As referred to above, the entities concerned by the PI Contribution may choose to join the Agreement entered into between the Ministries of Finance and of Health and the Pharmaceutical Industry, represented by APIFARMA, whereby they will be exempted from the payment of the PI Contribution.

This Agreement establishes the value of the contribution of the Pharmaceutical Industry towards expenses with medicinal products in the scope of the national health services, aiming to reduce public expenditure with medicinal products. In this connection, the Agreement established the payment of a contribution by the companies associated with APIFARMA of a minimum value of EUR 135,000,000 (having as reference the total value of EUR 180,000,000 for the entire pharmaceutical industry); the sum to be paid by each company associated with APIFARMA must be determined in accordance with a formula to be established by APIFARMA.

The determination of the above–mentioned contribution by the Pharmaceutical Industry with a view to reducing public expenditure with medicinal products in 2015, is underpinned by an objective of public expenditure with medicinal products of the national health system of EUR 2,000,000,000. Taking this objective into account, the Agreement also provides for an additional contribution by the companies that joined the Agreement, to the effect of these companies paying the amount of public expenditure with medicinal products sustained by the national health system, in excess of such maximum objective of EUR 2,000,000,000.
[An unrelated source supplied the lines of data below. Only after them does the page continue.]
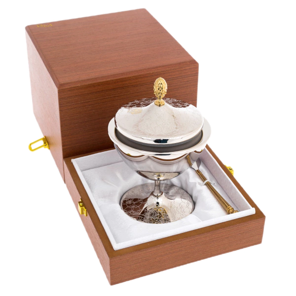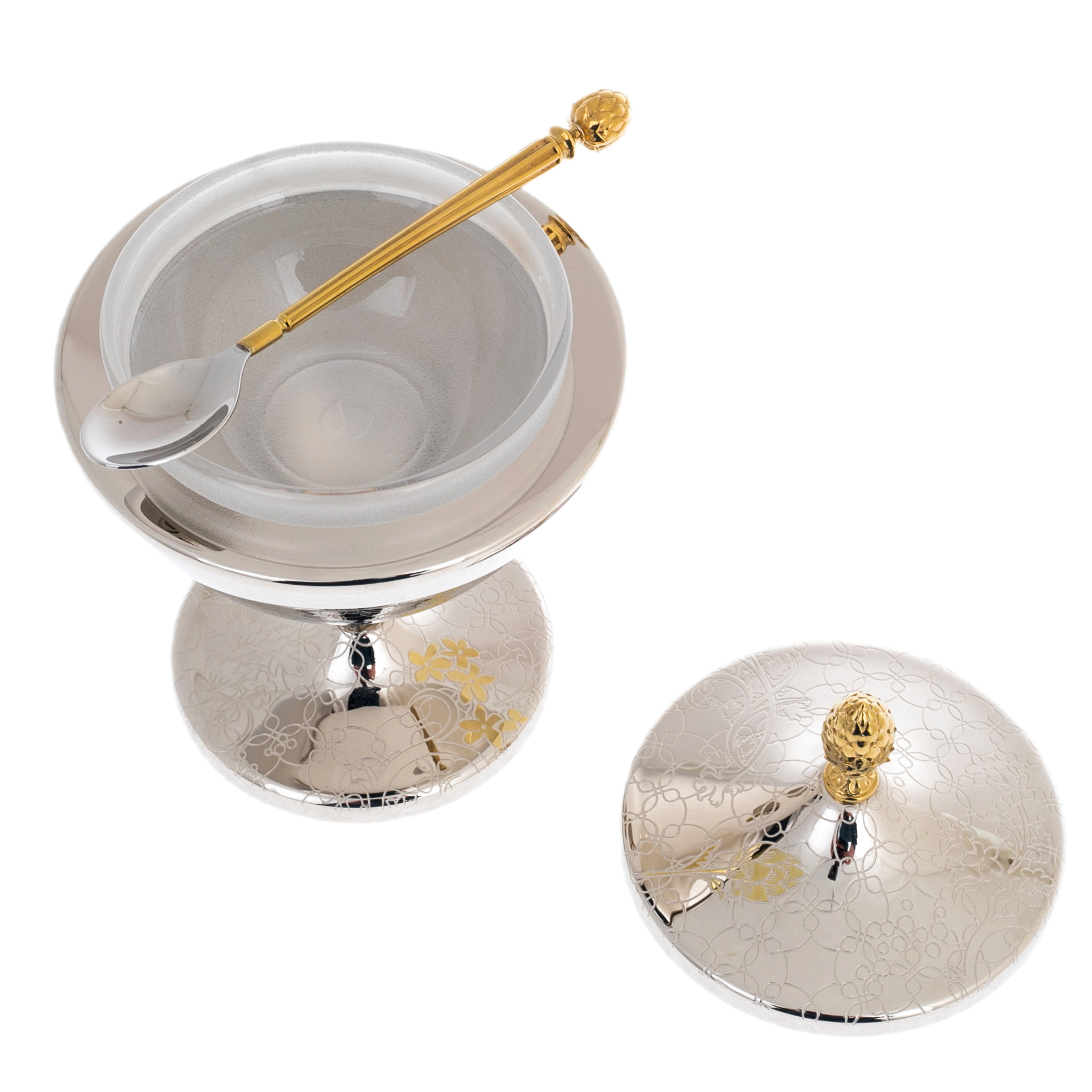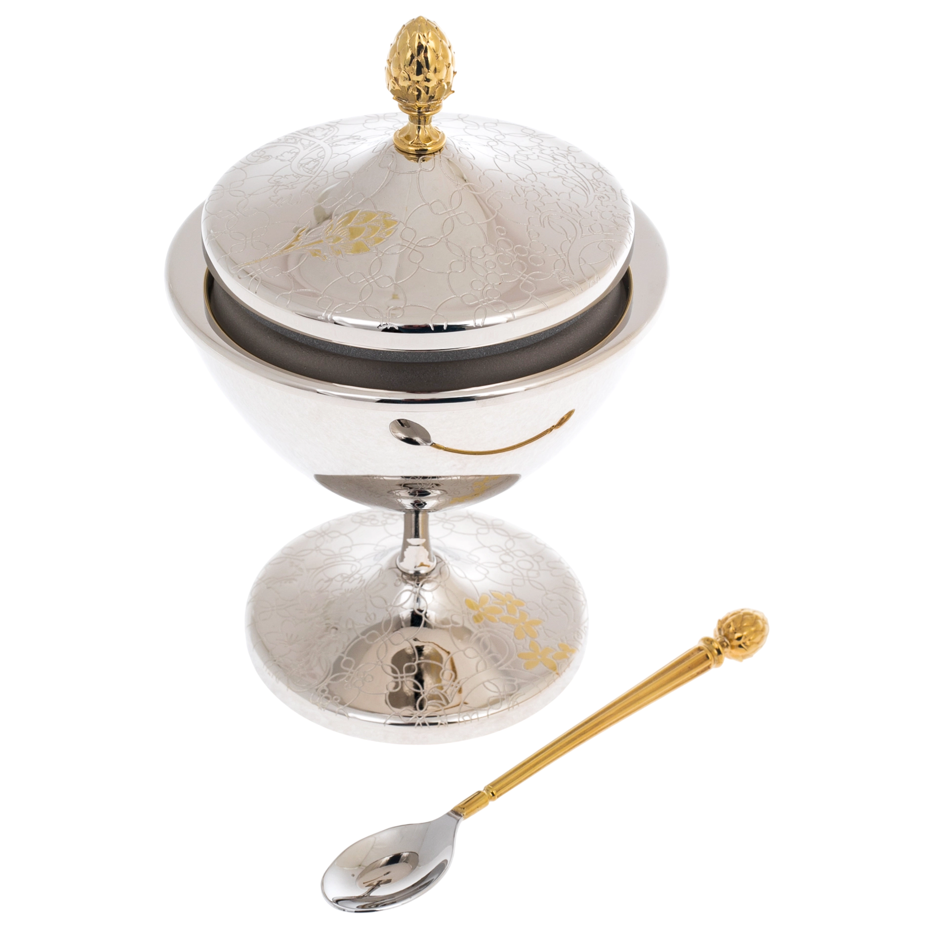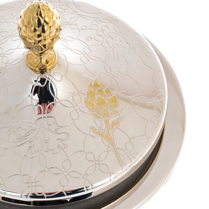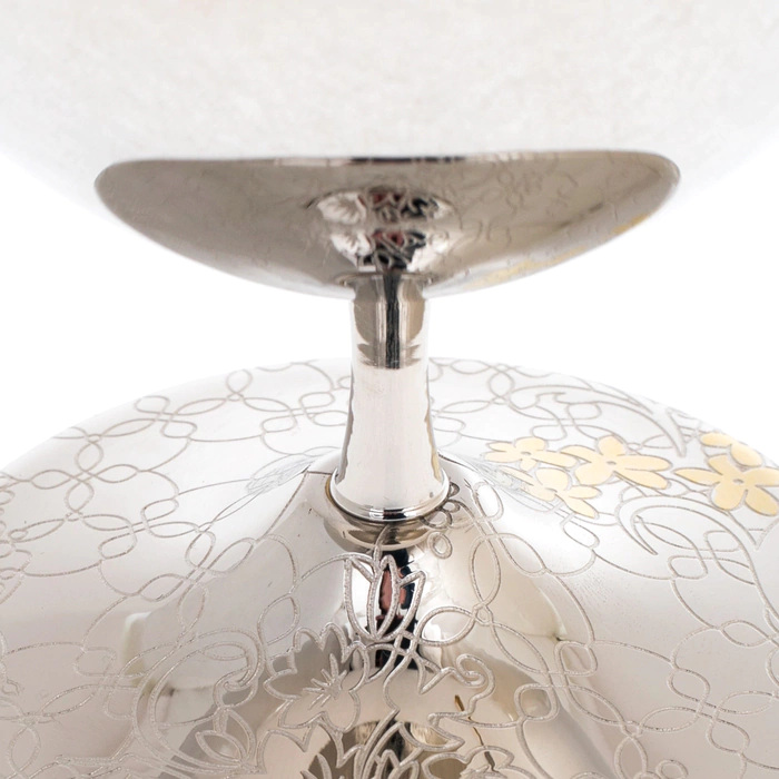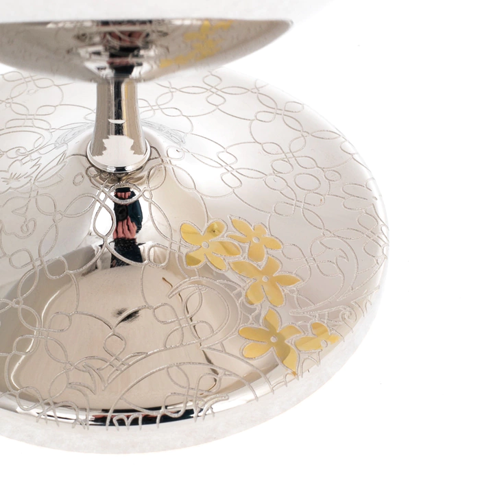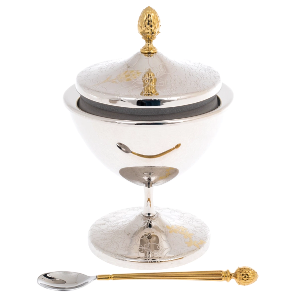 Икорница «Артишок» — изящное изделие златоустовских мастеров, предназначенное для подачи деликатесов в формате, где эстетика не уступает содержанию. Композиция включает чашу на устойчивой ножке, крышку с декоративной навершием и ложку, выполненные в едином художественном ключе. Поверхность украшена тонким орнаментом с растительными мотивами, в которых угадываются очертания артишока — символа утончённости и изысканного вкуса. Золотые акценты мягко выделяют элементы декора, создавая благородный контраст с зеркальным серебристым фоном.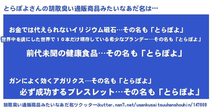 | 意味不明あだ名 | 『永久保存とらぽよ』『ペロリンとらぽよ』 |
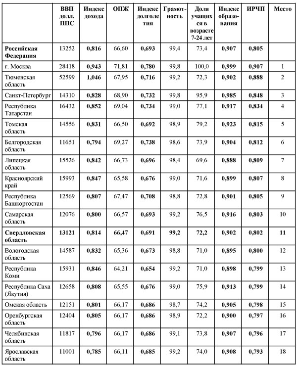 Учет ИРЧП по областям (штатам) стран официально не ведется. В России Независимый институт социальной политики (НИСП) ведет проект "Социальный атлас российских регионов" - ИРЧП по регионам России. На сайте этого института представлены данные за 2002-2006 годы (http://www.socpol.ru/atlas/indexes/), которые можно уточнять и конкретизировать. Вот, например, фрагмент отчета за 2006 год, который может быть взят за основу.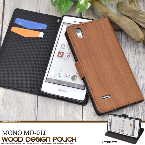 木目デザインがオシャレな、MONO MO-01J用ケースポーチ!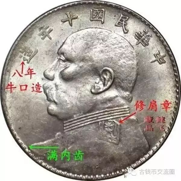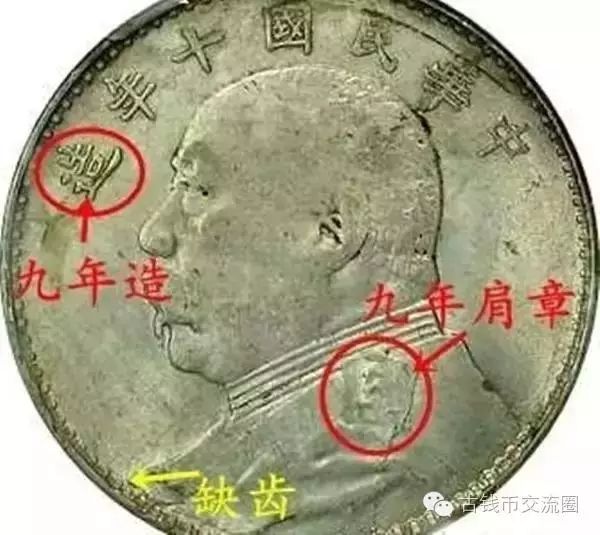 一是八年面改十年混配九年背,头像特征为:胸前不缺内齿,造字为八年牛口造,修肩章;嘉禾特征为九年嘉禾背(实心叶子),俗称牛造实心叶。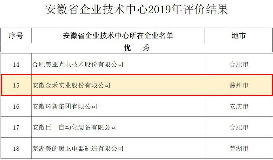 为推进以企业为主体的技术创新体系建设,增强企业创新能力,根据《安徽省企业技术中心认定管理办法》(皖经信科技〔2018〕46号)评价结果通知,安徽球速体育通过省企业技术中心评价,并获得优秀,位列第15位,评价分数逐年获得新高,体现了企业科技创新能力不断提升。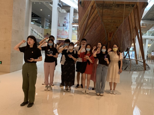 最后,借此契机,在中国航海博物馆对毕业生党员进行离校教育,并重温入党誓词。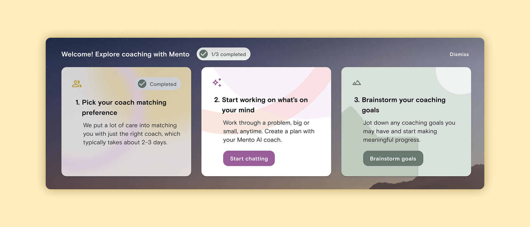 Despite being the entry point for every user, Onboarding always took a backseat to all other features on the Mento platform. A growing user base also meant a growing number of lost members who don’t know where to start or how to gain value from the platform. It was finally time to take a look at what’s (not) working and give the overall onboarding experience some love.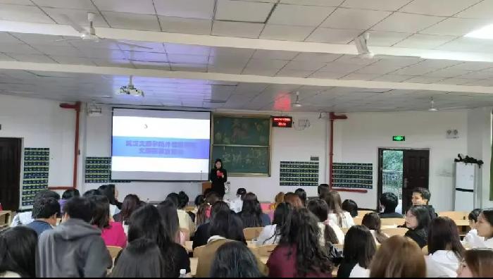 常佳睿,20级翻译一班班长,荣获大学英语四六级、专四合格、CATTI三笔证书,在校学习成绩均分88+,成绩优异,同时也获得外研社各项比赛、湖北省翻译大赛等比赛奖项。她的备考经验丰富,有丰富的学习知识能力。在本次宣讲会上,向同学们展现了自己四年的学习经历、学习方法及考研经验。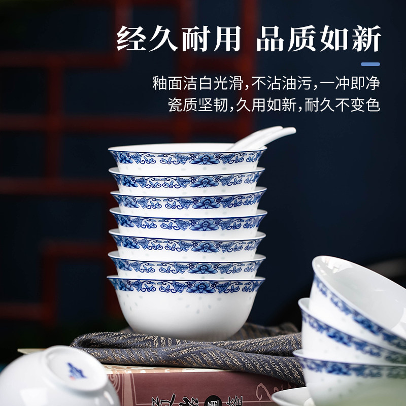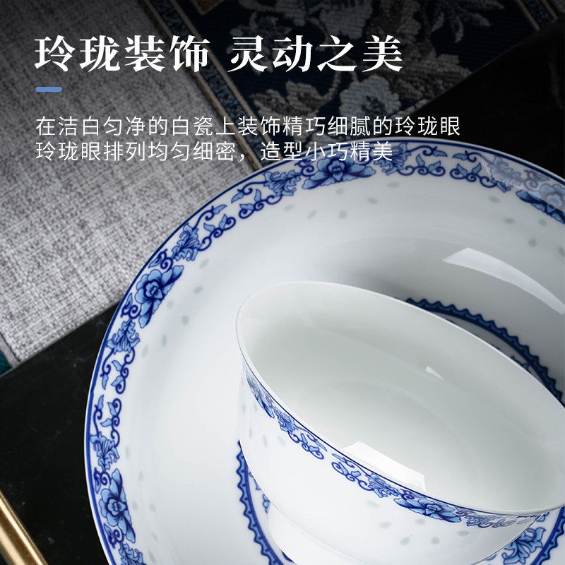 Jingdezhen Ceramic Blue Flower Lingyu Creative Tableware Set Household Rice Bowl Dish Combination Joe Move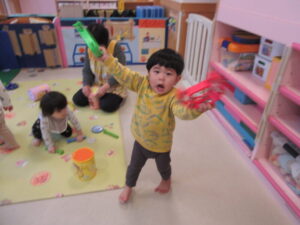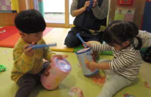 今日は曲に合わせて楽器を鳴らして遊びました♬

Indeed, pursuant to Clause 3(7) of the Agreement, the payment of the amount in excess of such maximum expenditure objective, must be made by the companies that joined the Agreement during the first quarter of 2016. Additionally, the same provision sets out that “The companies associated with APIFARMA and that joined the Agreement are only responsible for the part attributable to them in the increase of the public expenditure with medicinal products in the national health service, in the proportion of the corresponding market share.”

It should also be mentioned that the content of the Agreement is very similar to the one entered into by the parties, with the same purpose, for 2014. And the latter also established, in Clause 3(7) thereof an increase of the contributions from each company associated with APIFARMA that joined the Agreement, in case the 2 thousand million euro expenditure limit is exceeded.